Not just for chimeric alignments, but I've for a long time wished for a feature to filter alignments displayed by IGV by mapping quality (MAPQ), alignment score (AS:i or AS:f for Long Ranger), and number of mismatches (NM:i). For example, AS ≥ 100 & NM < 5. Filtering by percent identity or percent query coverage could be useful too, but trickier since these don't usually have SAM tags.

jrobinso commented 5 years ago

@sjackman @amwenger @SHuang-Broad This is a long thread with many good suggestions. However its 2 years old. I'm trying to clear up open IGV issues. If any of the specific suggestions here are still relevant, I suspect they are, could you indicate it, or better open an issue for that suggestion and reference this issue.
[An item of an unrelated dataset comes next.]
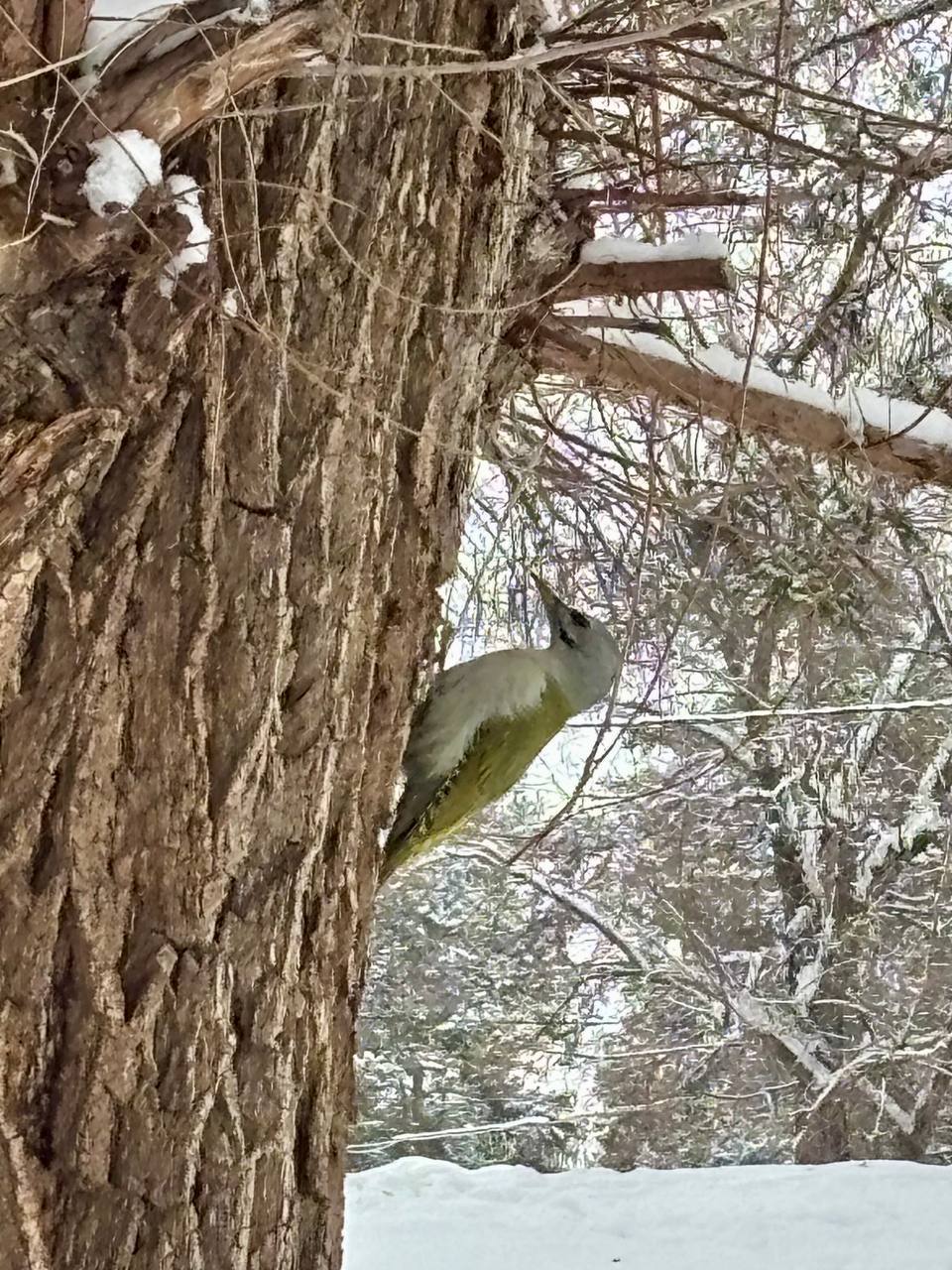 Вот такой пернатый обитатель замечен в лесном массиве Комсомольского района. Зеленый дятел — это очень редкий для наших мест вид, занесенный в Красную книгу Самарской области.

oneillkza commented 4 years ago

@jprobinso, just noting that Shaun's suggestion of a "split screen by supplementary alignment" is also one I've been asking for, and would definitely be very useful! https://github.com/igvteam/igv/issues/298#issuecomment-305267693

jrobinso commented 4 years ago

@oneillkza I just opened an explicit issue for this. All the issues tagged "3rd gen" are up next for IGV development. As you may or may not know I also do the igv.js and juicebox.js development, so I rotate, IGV is up again next week and hope to release these by the end of the month.

oneillkza commented 4 years ago

Thanks @jprobinso, that's great news!

PS: I do still have it on my to-do list to get you a small example Nanopore bam file. I'm also a little snowed under right now!

jrobinso commented 4 years ago

@oneillkza no problem, were you the one that reported the "3rd gen preferences don't do anything"? there were 2 issues there, 1 is fixed (in snapshot build), and there is now an explicit menu to just set it.

oneillkza commented 4 years ago

Yep, that was me! Thanks -- I'll check out the snapshot. I also linked you a Nanopore bam for testing.